The half-maximal inhibitory concentrations (IC₅₀) of rMETase and AG-270 were determined on HCT116 human colon-cancer cells and Hs-27 human normal fibroblasts in vitro. The efficacy of rMETase combined with AG-270, at their respective IC₅₀ values, on HCT116 and Hs-27 was also determined. Cell viability was evaluated using the WST-8 reagent.

The IC₅₀ values of rMETase were 0.35 U/ml for HCT116 and 1.14 U/ml for Hs-27. The IC₅₀ values of AG-270 were 4.38 μM for HCT116 and 6.55 μM for Hs-27. The combination of rMETase and AG-270, at their respective IC₅₀, had synergistic efficacy on both cancer and normal cells, reducing viability to approximately 20% in both cell lines (p<0.05).
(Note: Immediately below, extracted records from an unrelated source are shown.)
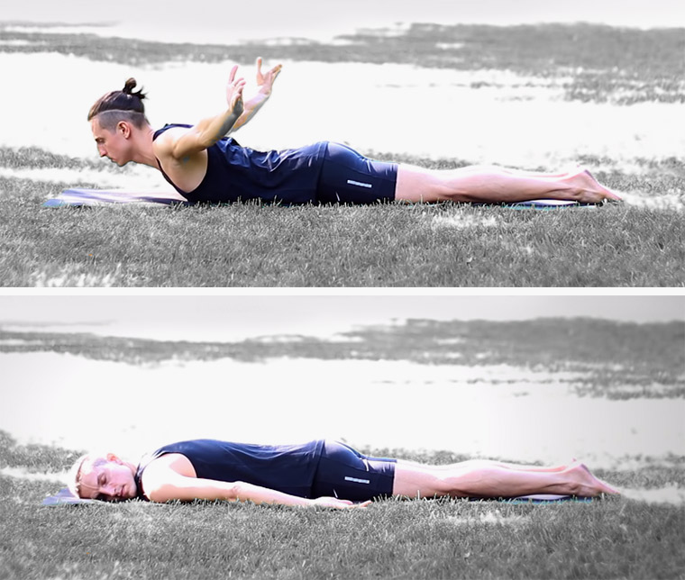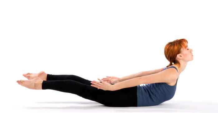 - В положении на животе, руки вытяните вдоль тела. Медленно поднимайте корпус вверх и сводите лопатки. В этом положении следует остаться на 20-30 секунд. Затем делается подъемы 10-15 раз, но с задержкой на 4 секунды.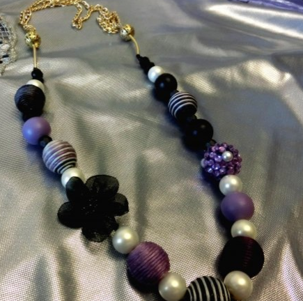 Этот вариант украшения можно считать неброским, спокойным, подчеркивающим утонченный вкус их обладателя. Сама текстура и гамма бус указывает на натуру серьезную, но романтическую, поскольку сбоку мы пришьем маленький черный цветочек. Также одну бусину декорируем сиреневыми стразами чтобы добавить некий акцент — яркое пятно в аксессуар.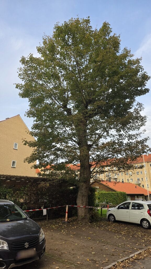 Vi har en trist nyhed at dele. Vores smukke, gamle ahorntræ ved parkeringspladserne foran 94B, som har prydet vores forening i mange år, skal desværre fældes.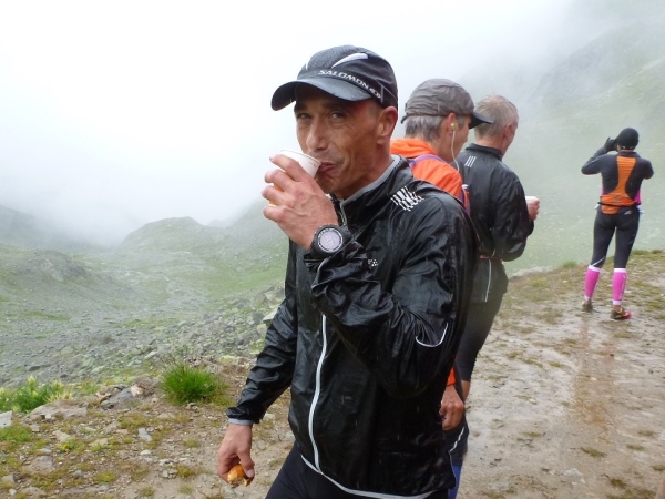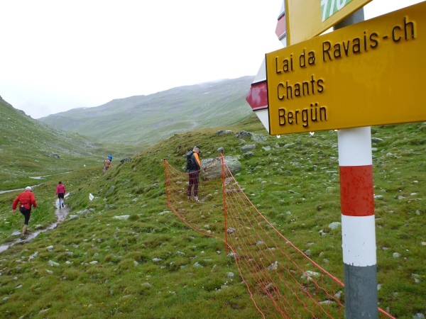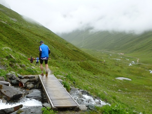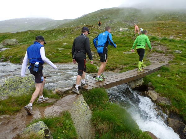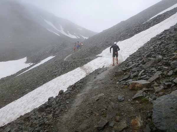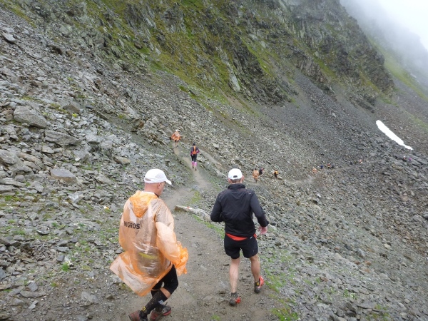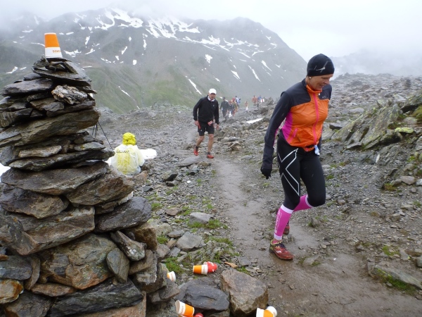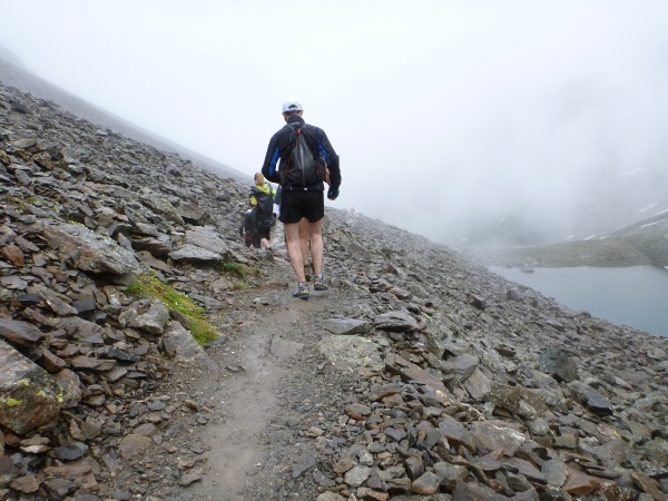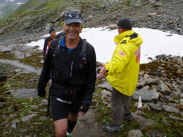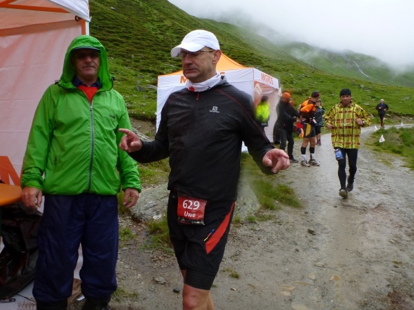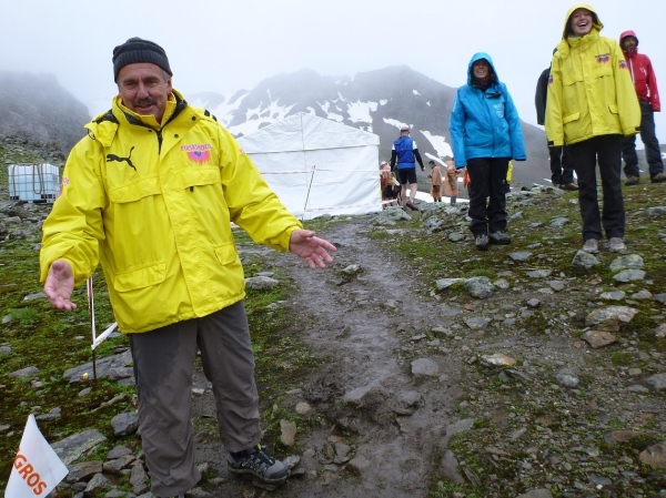 Schon von weiten sehe ich den, der dir tief in die Augen blickt. Der Rennarzt schaut sich jeden Läufer an, spricht ihn an oder gibt ihm eine kleine Aufgabe, um so zu testen, ob der noch im Hirnkastel richtig tickt. Wer in maladen Zustand hochkommt, muss tatsächlich damit rechnen, aus dem Rennen genommen zu werden, oder zumindest eine Zwangspause verpasst zu bekommen. Ausweichen geht nicht, denn der Weg führt direkt auf den Medizinmann zu und wer über die Steine klettert, macht sich gleich doppelt verdächtig.

AG-270 showed lack of cancer specificity in combination with rMETase when tested on both cancer and normal cells. The present results contrast with numerous chemotherapy agents, which in combination with rMETase are synergistic on cancer cells but not on normal cells. The present findings suggest that MAT2A inhibition affects crucial metabolic pathways in normal as well as cancer cell types and thus AG-270 may not be suitable as a cancer-specific therapeutic strategy.